Uang permintaan Akil sebesar Rp 10 miliar dan USD 500 ribu diserahkan Budi kepada Muhtar. Sebanyak Rp 5 miliar dari uang itu diserahkan Muhtar ke Akil di rumah dinasnya. Sedang sisanya disetor ke rekening Muhtar di BPD Kalimantan Barat cabang Jakarta atas persetujuan Akil.
Setelah mendapat dana itu, giliran Akil yang bertugas. Seluruh putusan KPU Kabupaten Empat Lawang dibatalkan oleh MK. Tidak hanya itu, Budi kemudian menjadi pemenang dengan perolehan suara 63.027. Sedangkan Joncik, menjadi nomor 2 dengan suara 62.051.
Pilkada Kota Palembang
Modus serupa juga dijalankan Akil pada sengketa kota ini. Romi Herton - Harno Joyo yang kalah hanya delapan suara dari Sarimuda - Nelly Rasdania, mengajukan keberatan ke MK.
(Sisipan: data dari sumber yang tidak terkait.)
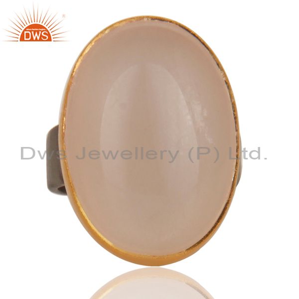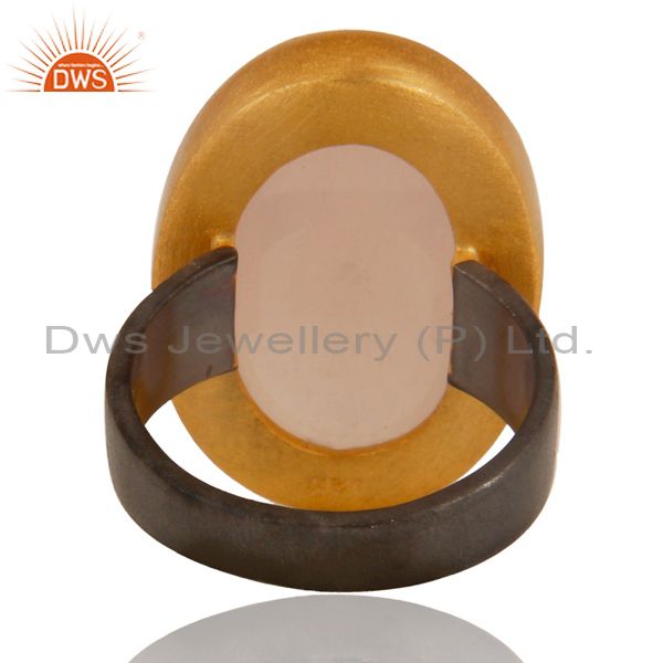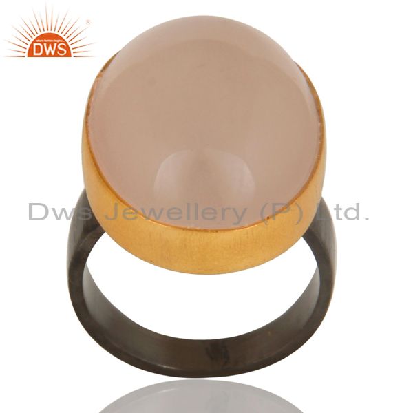 18K Gold Plated & Black Oxidized Sterling Silver Rose Quartz Fine Artisan Ring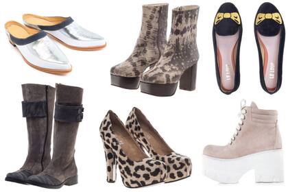 Zuecos chatos $918 de Victoria Hache / Botas reptil con taco $900 de Sofi Martiré / Slippers negras con moño bordado $671 de Le Loup / Botas grises caña alta $850 de Loli Van Harden / Sandalias animal print $900 de Sofi Martiré / Borcegos con plataforma $790 de Sarkany /
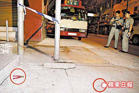 【本報訊】一對姓許的賊兄弟(三十三及三十六歲),昨日凌晨四時半,在觀塘仁信里涉嫌撬門及打爛玻璃窗車內盜竊,但被途人發現報警拘捕(圖一)。警方在場撿獲螺絲批及鐵鉗等工具(圖二紅圈示)。經調查有四架客貨車及私家車損毀,失去小量輔幣。 黃曄寧攝

Akil kembali menghubungi Muhtar Ependy untuk memberitahu Romi mempersiapkan uang jika ingin menang. Bak gayung bersambut, Romi menyanggupi Rp 20 miliar.
Akhirnya pasangan Romi Herton - Harno Joyo mendapat suara 316.919. Sedangkan Sarimuda - Nelly Rasdania malah jadi turun 23 suara.
Pilkada Lampung Selatan
Modus yang hampir mirip juga terjadi di sengketa Pilkada Lampung Selatan. Bedanya, calon yang menang kali ini meminta agar permohonan calon yang kalah bisa ditolak MK.
Untuk urusan 'remeh' seperti ini, Akil pun 'hanya' mendapat RP 500 juta dari Rycko Menoza dan Eky Setyanto.
Rp 250 juta dibayar ke rekening BNI milik Akil dengan menuliskan 'pembayaran kelapa sawit' pada slip setoran. Sisanya ditransfer ke rekening CV Ratu Samagat Bank Mandiri dengan menuliskan 'pembayaran tagihan' pada slip setoran.